简体   繁体   English

R-采样频率直方图:效率更高

[英]R - Frequency histogram from sampling: efficiency and more

I'm a university student, beginning to explore R for an exam. 我是一名大学生,开始探索R进行考试。 Sorry for the vague title, as I have many questions related to this post. 抱歉,标题含糊,因为我对此帖子有很多疑问。

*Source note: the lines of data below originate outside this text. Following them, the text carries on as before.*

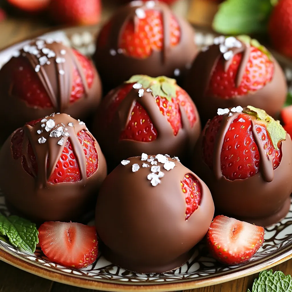 - 1 cup fresh strawberries, hulled and finely chopped - 1 cup graham cracker crumbs - 1 cup cream cheese, softened to room temperature - 1 cup powdered sugar - 1 teaspoon pure vanilla extract - 1 cup semi-sweet chocolate chips - 1 tablespoon coconut oil (optional, for a smoother chocolate coating) - Flaky sea salt, for garnish Fresh strawberries are key here. They add a bright flavor and natural sweetness. Make sure to hull them well. This means removing the green tops. Finely chop the strawberries so they blend well with the other ingredients. Graham cracker crumbs give a nice crunch. They also help bind the mixture. Use plain or cinnamon-flavored crumbs for a twist. Cream cheese softens the texture. It adds a rich and creamy feel. Always let it sit out for about 30 minutes to soften before mixing. Powdered sugar sweetens the truffles. It also helps thicken the mixture. Use pure vanilla extract for the best taste. It enhances the sweet notes of the strawberries. Semi-sweet chocolate chips are perfect for coating. They melt well and have a rich taste. If you want a smoother finish, add coconut oil when melting the chocolate. This helps the chocolate coat the truffles evenly. Flaky sea salt adds a touch of contrast. It makes the sweet truffles even better. If you can’t find fresh strawberries, use frozen ones. Just make sure to thaw and drain them well. For a nutty flavor, substitute graham cracker crumbs with crushed nuts or cookie crumbs. If you need a dairy-free option, try vegan cream cheese. It works well and keeps the texture. You can also use agave or maple syrup in place of powdered sugar. Adjust the amount to get the right sweetness. For the chocolate coating, use dark chocolate or white chocolate if you prefer. Each option gives a different taste. You can also try flavored chocolate for something unique, like orange or mint. To make the strawberry mixture, start with fresh strawberries. You need one cup, hulled and chopped finely. In a medium bowl, combine the strawberries with graham cracker crumbs, soft cream cheese, powdered sugar, and vanilla extract. Use a spatula or a hand mixer to blend them well. Aim for a thick dough that holds together nicely. If you like it smoother, a hand mixer really helps. This mixture forms the heart of your truffles. Now it’s time to roll the truffles. With clean hands, scoop out small portions of the strawberry mixture, about one inch in diameter. Roll them gently into balls. Place each ball on a baking sheet lined with parchment paper. Make sure to leave space between each truffle. This way, they won’t stick together. Once all are rolled, put the sheet in the freezer for about 30 minutes. This helps the truffles firm up and makes coating them easier. While the truffles chill, prepare the chocolate coating. In a microwave-safe bowl, combine one cup of semi-sweet chocolate chips and one tablespoon of coconut oil if you want a smooth finish. Heat this mixture in the microwave. Do it in 30-second intervals, stirring well after each. Keep going until the chocolate is fully melted and smooth. After the truffles are firm, take them out of the freezer. Dip each truffle into the melted chocolate, ensuring they are fully coated. Use a fork to lift them out. Tap the fork against the bowl's edge to remove extra chocolate. Place them back on the parchment-lined baking sheet. While the chocolate is still wet, sprinkle a tiny pinch of flaky sea salt on top of each truffle. This adds a nice touch of flavor. Finally, put the baking sheet in the fridge. Let the truffles chill until the chocolate sets, which takes about 15 to 20 minutes. Enjoy your sweet creation! To get the right texture for your truffles, mix well. The cream cheese should blend with the strawberries and graham crackers. Aim for a thick dough that holds shape. If it seems too crumbly, add a bit more cream cheese. If it feels too wet, add extra graham cracker crumbs. This balance is key for a perfect bite. When melting chocolate, use a microwave-safe bowl. Heat in short bursts. Start with 30 seconds, then stir. Repeat until melted. Stirring helps keep the chocolate smooth. If you choose to add coconut oil, it makes the chocolate coating silky. This step ensures your truffles have a nice, shiny finish. To make your truffles special, think about add-ins. A pinch of cinnamon or a dash of sea salt can boost the flavor. You can also mix in a few mini chocolate chips for texture. Consider adding a splash of almond extract for a unique twist. These little changes can take your truffles to the next level. {{image_4}} You can mix up the flavors in your truffles. Try using raspberries or blueberries instead of strawberries. You can also add a splash of orange juice for a fruity twist. If you love nuts, consider adding finely chopped almonds or walnuts to the strawberry mixture. Coconut flakes can give a tropical taste too. Play around with spices like cinnamon or nutmeg for warmth. Each option adds a unique touch to your truffles. To make these truffles vegan or dairy-free, swap the cream cheese for a vegan cream cheese. You can also use coconut cream as a rich alternative. For the chocolate, choose dark chocolate that is dairy-free. Always check the labels to ensure no milk products are included. This way, you can enjoy these lovely treats while sticking to your dietary needs. You can change the chocolate type for your coating. Milk chocolate offers a sweeter taste. Dark chocolate gives a rich and bold flavor. White chocolate provides a creamy contrast to the fruity filling. If you want a unique twist, try using flavored chocolates, like mint or orange. Just remember to melt the chocolate carefully to keep its smooth texture. Each chocolate type changes the overall flavor, making your truffles special. To keep your no-bake chocolate covered strawberry truffles fresh, store them in an airtight container. This will prevent them from drying out or absorbing any unwanted smells. Line the bottom of the 
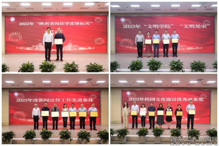 校領導分別為獲得2023年“陜西省崗位學雷鋒標兵”,學校“文明學院”“文明處室”、新聞宣傳工作先進集體和校園文化建設優秀成果獎的代表頒獎。
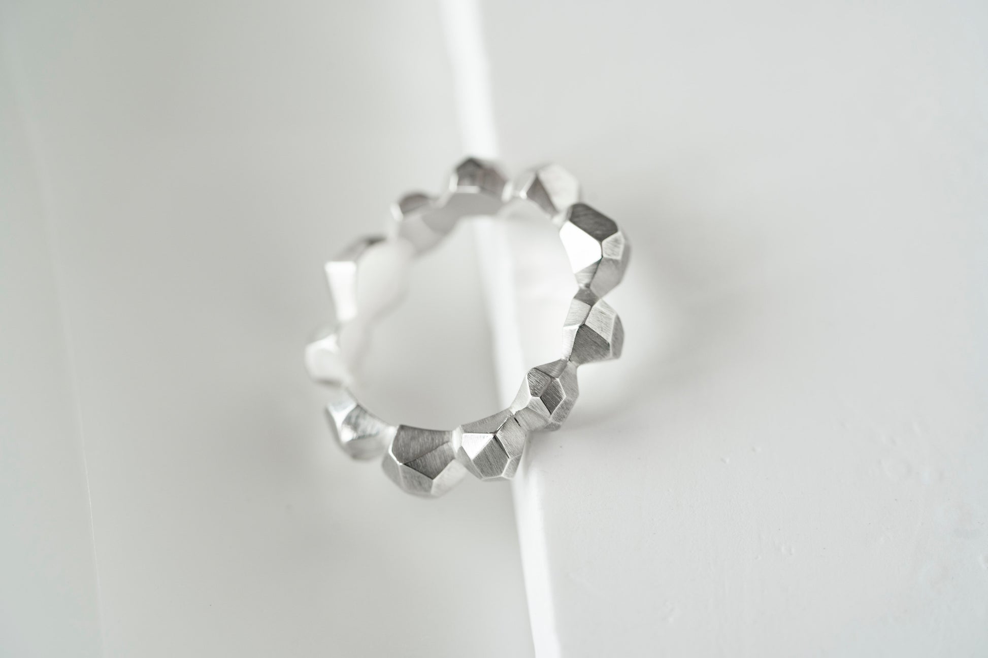 Expertly crafted from high-quality materials, a "Faceted balls" ring boasts of a flawless finish and alluring design for an elegant touch. Perfect for any occasion, this ring is both attractive and timeless. Elevate your style with this stunning piece.
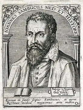 Иоганн Самбук (лат. Johannes Sambucus)[4] , или Янош Жамбоки (венг. János Sámboki или Zsámboky; 1531—1584), — венгерский гуманист, врач, картограф, философ, филолог-латинист[5] и поэт; советник и историограф императоров Максимилиана II (в 1564—1576 гг.) и Рудольфа II[4]. Его называли венгерским «полигистором»[5] (универсалом).
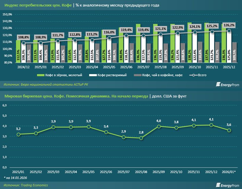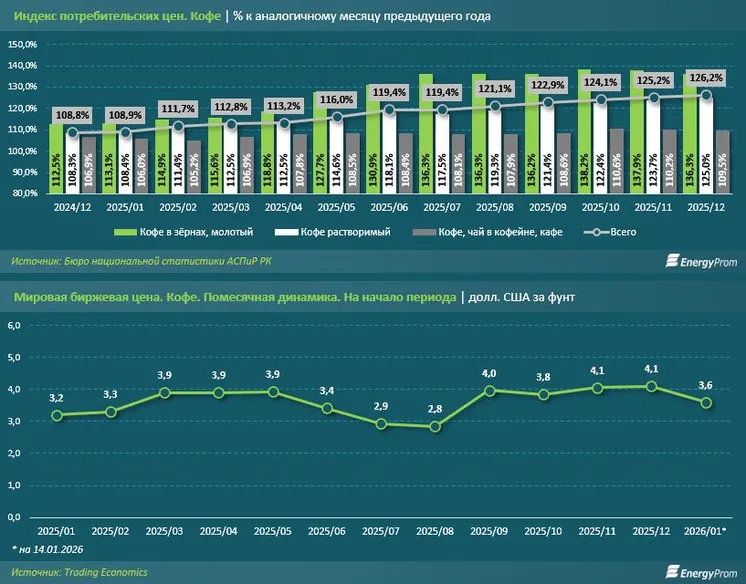 Эксперты отмечают, что резкий рост цен не является особенностью внутреннего рынка Казахстана — кофе дорожает по всему миру. Согласно данным международного портала Trading Economics, в декабре 2025 года фунт кофе на мировой бирже стоил 4,1 доллара США, что на 28% выше, чем в январе предыдущего года.

I've run into the problem of sampling a population of people who are either Male (M) or Female (F). 我遇到了对男性(M)或女性(F)的人群进行抽样的问题。 I wished to define a function that could take the number of Males and Females in this population, then create sample.number samples of size sample.size and return a data frame containing the sample proportions of females over the total size of the sample, with related frequencies. 我想限定,可以采取男性和女性的数目在该人群中,则创建一个功能sample.number大小的样品sample.size并返回包含女性的样本比例在样品的总大小的数据帧,以相关频率。

I'm positive there is a simple and well-optimized way to do this, but I've written a small function that (barely) works: 我很肯定有一种简单且经过优化的方法可以做到这一点,但是我编写了一个很小的函数,(几乎)可以正常工作:

senators <- function(Fem = 13, 
                 Mal = 87, 
                 sample.size = 10, 
                 sample.number = 100){

pop <- c(rep("F", Fem), rep("M", Mal)) # I create the population base

popsa <- list(NA)           # I make some empty variables used later
popsa.factor <- list(NA)    # Not sure if this passage is even needed...
popsa.proportion <- list(NA)

Here comes a for loop. 这是一个for循环。 I've read that for loops are really inefficient way to do this. 我读过, for循环实际上是效率低下的方法。 Is there a better way? 有没有更好的办法?

for(i in 1:sample.number){
  popsa[[i]] <- sample(pop, sample.size, replace = TRUE)
  popsa.factor[[i]] <- table(factor(popsa[[i]], levels = c("M", "F")))
  popsa.proportion[[i]] <- popsa.factor[[i]][2]/sample.size
  }

I start by assigning each element of the list popsa with a sample, then I use popsa to create a table from each sample, and store it in popsa.factor . 首先,给列表popsa每个元素分配一个示例,然后使用popsa从每个示例创建一个表,并将其存储在popsa.factor Then I calculate the proportions of females over the total and store it in popsa.proportion . 然后,我计算女性在总人数中所占的比例,并将其存储在popsa.proportion This for loop seems super messy to me, and is really slow to process lots of samples. for我来说,这个for循环超级混乱,并且处理许多样本真的很慢。 Is there a better, more efficient way to do what I've done here? 有没有更好,更有效的方法来完成我在这里所做的工作?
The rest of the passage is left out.